Psychiatry and Clinical Psychopharmacology

Psychopharmacology Deep vein thrombosis in Klinefelter syndrome with aripiprazole treatment

Psychiatry and Clinical Psychopharmacology 2013; 23: Supplement S222-S222
Read: 826 Published: 17 March 2021

It has been increasingly recognized that antipsychotic agents might cause a number of metabolic effects such as obesity, dyslipidemia, diabetes mellitus and hyperleptinemia.

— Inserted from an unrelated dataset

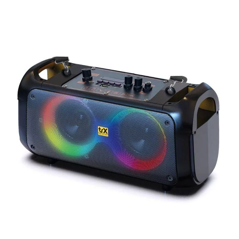 Haut Parleur Mobile TRAXDATA - Taille de l'unité: 2 x 4 - Enceinte karaoké portable MP3 - Connectivité Sans Fil: Bluetooth - Microphone sans fil - Puissance: 40 Watts - Batterie 3,7V, 1800mAh lithium - Lumière RVB - Entrée/sortie audio AUX - Chargeur USB - SD card - MMC - Couleur: Noir - Garantie: 1 an

Antipsychotic drugs have also been reported to be associated with venous thromboembolism (VTE).The highest risk of VTE emerges during the ?rst 3 months after initiation of treatment. Potential etiopathogenetic factors leading to VTE during treatment with antipsychotic agents include sedation, obesity, elevation of antiphospholipid antibodies, increased platelet activation and aggregation, hyperhomocysteinemia, and hyperprolactinemia. While an increased risk of VTE has been associated with first-generation low- potency antipsychotic agents, particularly clozapine, there appears to be a growing number of reports on the occurrence of this adverse reaction during the use of second-generation antipsychotics, such as risperidone and olanzapine. No case reports are available in the literature about the occurrence of VTE in patients treated with a ‘metabolically gentler’ antipsychotic such as ziprasidone and aripiprazole. In this case report, we discussed DVT complication in a mild mentally retarded adolescent with Klinefelter syndrome after administration of aripiprazole for the treatment of behavioural problems.